Background: Use of the electronic health record (EHR) is expected to increase rapidly in the near future, yet little research exists on whether analyzing internal EHR data using flexible, adaptive statistical methods could improve clinical risk prediction. Extensive implementation of EHR in the Veterans Health Administration provides an opportunity for exploration.
Objectives: To compare the performance of various approaches for predicting risk of cerebrovascular and cardiovascular (CCV) death, using traditional risk predictors versus more comprehensive EHR data.
Research design: Retrospective cohort study. We identified all Veterans Health Administration patients without recent CCV events treated at 12 facilities from 2003 to 2007, and predicted risk using the Framingham risk score, logistic regression, generalized additive modeling, and gradient tree boosting.
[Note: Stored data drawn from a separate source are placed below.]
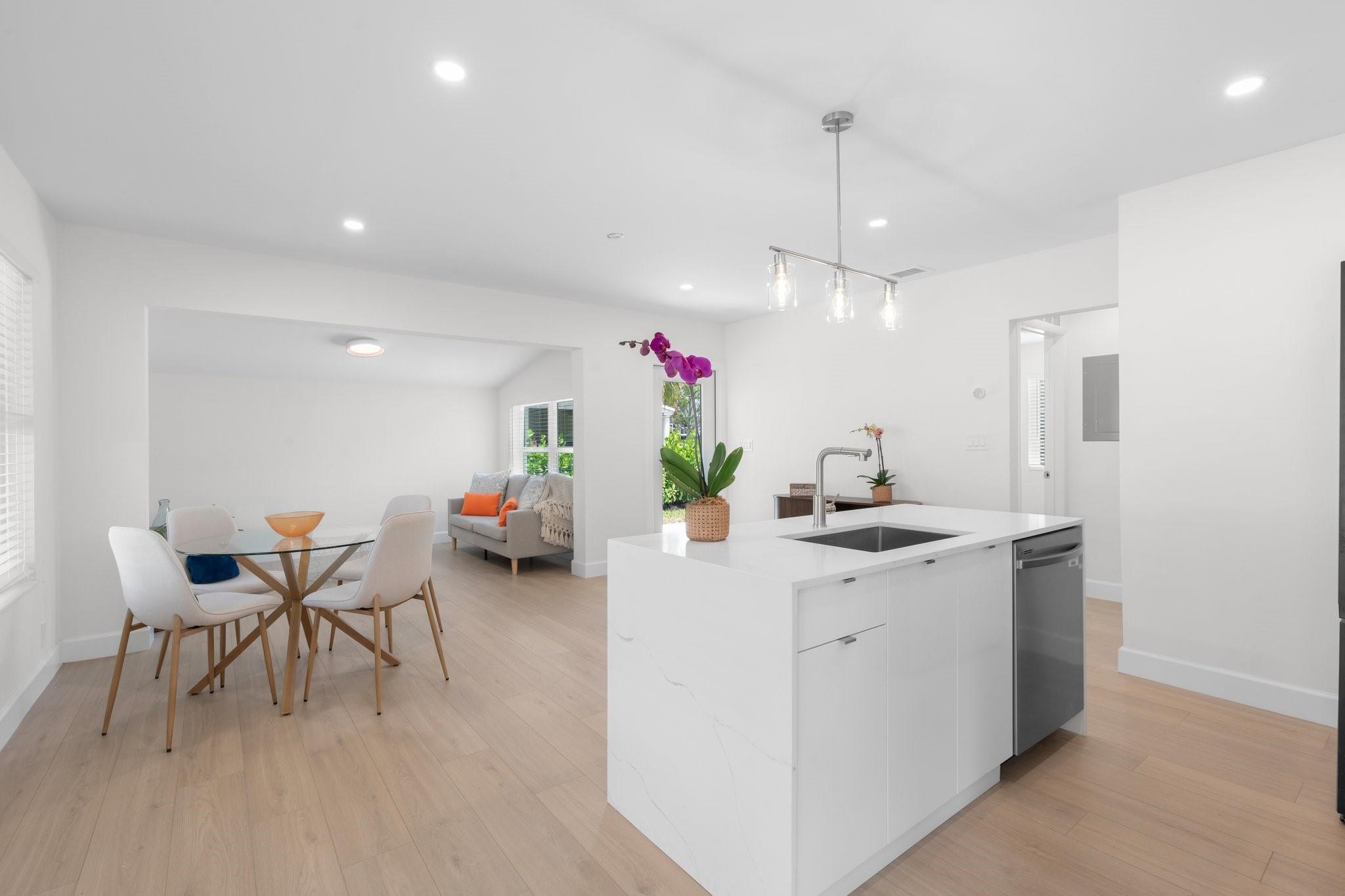 Your new home is near the beach, bowling, movies, restaurant scene, & all that Dania Pointe, Hollywood and Ft Lauderdale have to offer. This 3-bed, 2-bath corner lot completely updated home features a fully fenced yard, expansive driveway, and covered back terrace ideal for outdoor entertaining. Full hurricane-impact windows, 2020 roof, and a new impact-rated front door. Inside, you’ll find new luxury vinyl flooring, LED recessed lighting, quartz waterfall countertops, and sleek cabinetry. Brand-new appliances. Updated bathrooms and a private primary suite with walk-in closet complete the interior. Fresh Paint Inside and Out. Enjoy living close to the beach and FTL entertainment. Only 4 miles to the ocean, 4.7 miles to FLL Airport. No HOA - No Restrictions
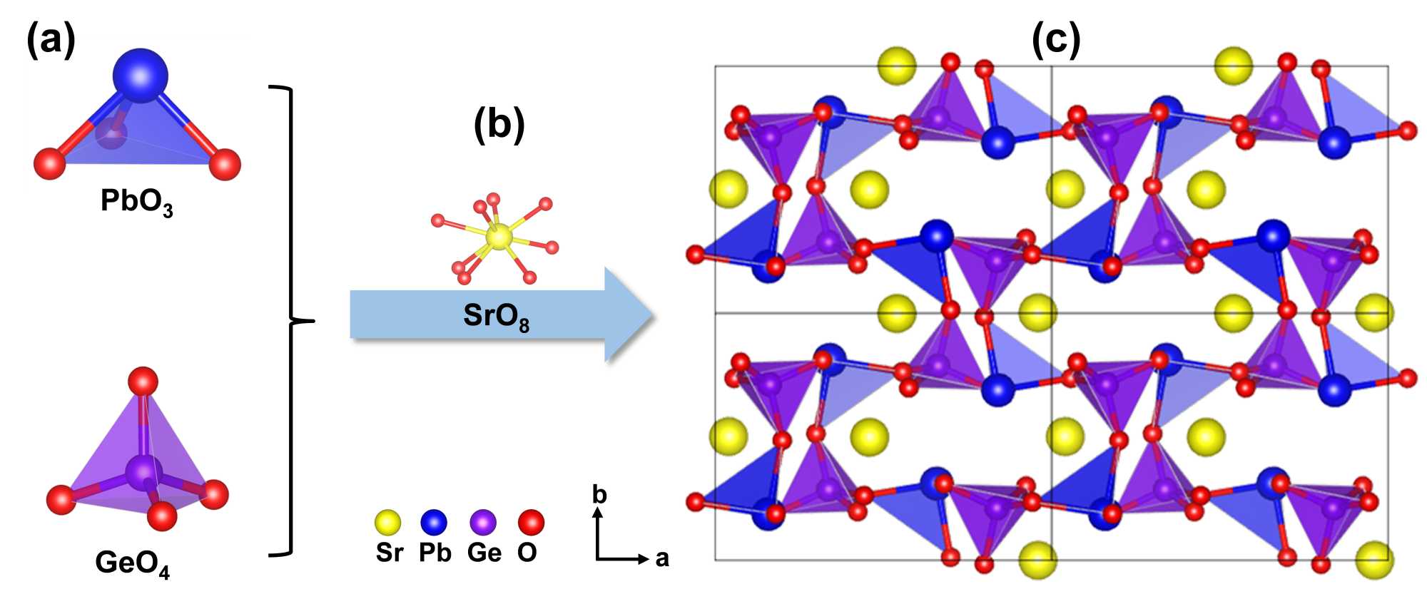 图2. (a) 三角锥形的[PbO3]基元和四面体形的[GeO4]基元;(b) [SrO8]多面体基元;(c) PbSrGeO4的三维框架图[13]
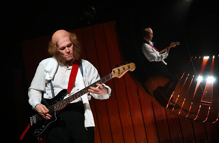 Андрей Гончаров не ставит строгие моральные вопросы, постановка в целом решена в ироничной форме: герои много шутят, общаются со зрителями, неожиданно хватают музыкальные инструменты и начинают петь. В какой-то момент появляются зеркальные шары — свое отражение, а вместе с ним переживания видят и герои рассказа, и зрители. Некий элемент эмпатии и вовлечения.

Measures: The outcome was CCV-related death within 5 years. We assessed each method's predictive performance with the area under the receiver operating characteristic curve (AUC), the Hosmer-Lemeshow goodness-of-fit test, plots of estimated risk, and reclassification tables, using cross-validation to penalize overfitting.
Results: Regression methods outperformed the Framingham risk score, even with the same predictors (AUC increased from 71% to 73% and calibration also improved). Even better performance was attained in models using additional EHR-derived predictor variables (AUC increased to 78% and net reclassification improvement was as large as 0.29). Nonparametric regression further improved calibration and discrimination compared with logistic regression.
Conclusions: Despite the EHR lacking some risk factors and its imperfect data quality, health care systems may be able to substantially improve risk prediction for their patients by using internally developed EHR-derived models and flexible statistical methodology.